Wednesday, February 7, 2024

Literature, Life, and I

Just as a child studying pure mathematics tries to look for the usefulness of it and starts talking about its practical utility and upon not finding it and feeling disgusted at knowing its uselessness he throws it away either for decades or for his whole life, something like that happens with literature when the radical critic opens it and finds that he does not smell what he was looking for: the smell of his political ideology, his vision for social justice, and the fight against oppression. If in a text he finds such smell, he raises the praise of that text to be nothing less than the higher limits of human creativity, but if he does not find it, he crushes it under his feet.

To be free as not to be trapped in the net of ideologies or narratives, let alone being their mouthpiece, nor to be the servant of certain personality traits -- at best to absent the ego under such unavoidable circumstances. This clown "I" wishes to create something new, scientifc or artistic, that has an organic relationship with humans. Our creation is a pseudo-creation in comparion to that of God, the universe. If Allah is simultaneously invisible and everywhere in relation to His creation, we need not necessarily assert our own selves in our pseudo-creations. Sometimes, in order to receive what life has to offer, we have to decelerate the accelerator of our ego.

Neither indulge too much in literature as to forget living and the social reality, nor in metaphysics as to forget the gift of faith in the name of rationality, nor in psychology as to forget seeing the normality in human beings. Nor too much in the world order as to make your daily life a hell by criticizing capitalistic order, terrorism, nuclear wars, cyber wars, military wars, political affairs, governmental affairs, dictatorships, militarial industries, communist and other revolutions, human traffiking, corruption, genocides, bombardment of images and videos, etc.

My writing has strayed from the assumption of needing to have some real-life person in mind to be able to write, and sometimes it does not even mirror my own life, it starts to seek abstract beauty, the essense of literature. A stage where I do not think or feel or imagine or intuite any form of object or a person. Stuck a true balance between sensitivity and the observations in life. Through merely an acute observation of my life and the life of other human beings.
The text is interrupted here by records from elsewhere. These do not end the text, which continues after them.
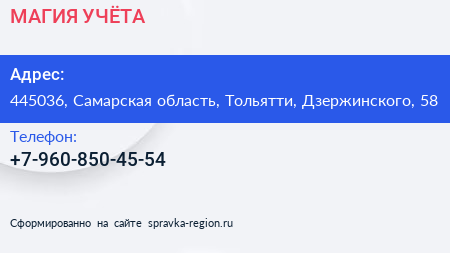МАГИЯ УЧЁТА по адресу 445036, Самарская область, Тольятти, Дзержинского, 58 в дальнейшем Организация, размещена в следующих категориях: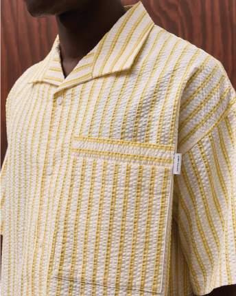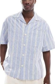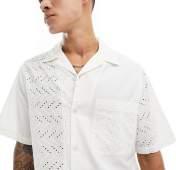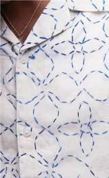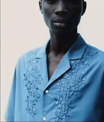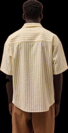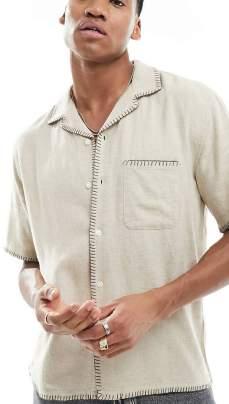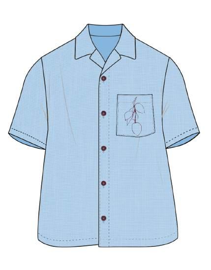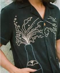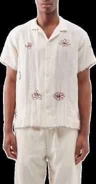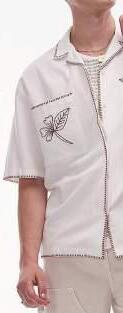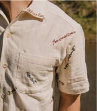 >Camp collar shirt: short sleeve,camp collar,boxy t, front pocket embroidery. Cotton linen blend.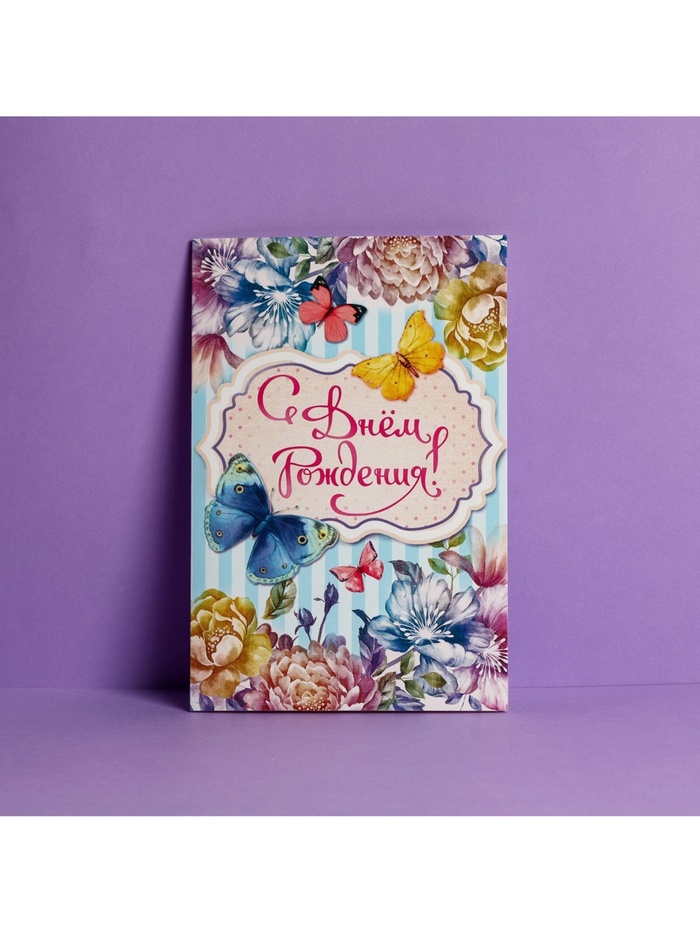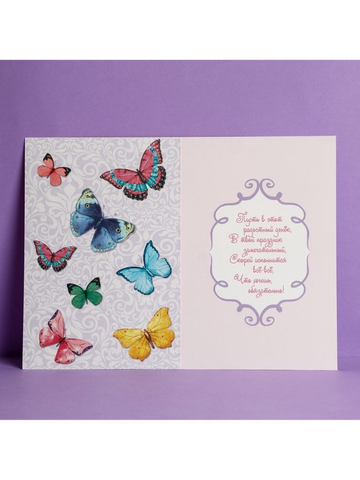 Атмосферу праздника создают детали: свечи, цветы, бокалы, воздушные шары и поздравительные открытки — яркие и весёлые, романтичные и нежные, милые и трогательные. Расскажите о своих чувствах дорогому для вас человеку, поделитесь радостью с близкими и друзьями. Открытка «С Днем Рождения», бабочки, 12 × 18 см с креативным дизайном вам в этом поможет.
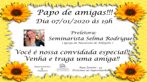 Dia: 07/01/20 Horário: Às 19H Preletora: Seminarista Selma Rodrigues

By realizing philosophy instead of philosophying reality. By being sensitively active instead of contemplative.

However, I shall continue with my prayers with the childlike methods I use to pray. I shall say dua in the words I have been doing since childhood. I shall satire as I have been doing all my life. I shall continue falling in love with all the good things like computers, games, literature. Good human beings. I shall keep a childlike curiosity in the smallest details and mundane matters of daily life. I shall worry excessively sometimes at some problems. I shall accept boredom and find new way every day to cope up with it in a good way. I shall get angry at stupid arguments, laugh and appreciate good things. I shall continue criticizing the world order, while I feel like doing so, despite knowing I can barely change it. On some days I shall keep quiet, to be in a mood where I feel all is vanity, reach the deepest of my soul and talk to it, produce some literature, and then start talking a lot, involve myself in distractions, accept the life of people -- its beauties, consumerism, fights, beliefs, and jokes -- of people around me and live with them in accordance with it. Assimilate the good things. In all cases, I must, and it is very hard for me, perform my religious duties, form a closer connection with Allah, and hopefully realize the higher purpose of (my) life.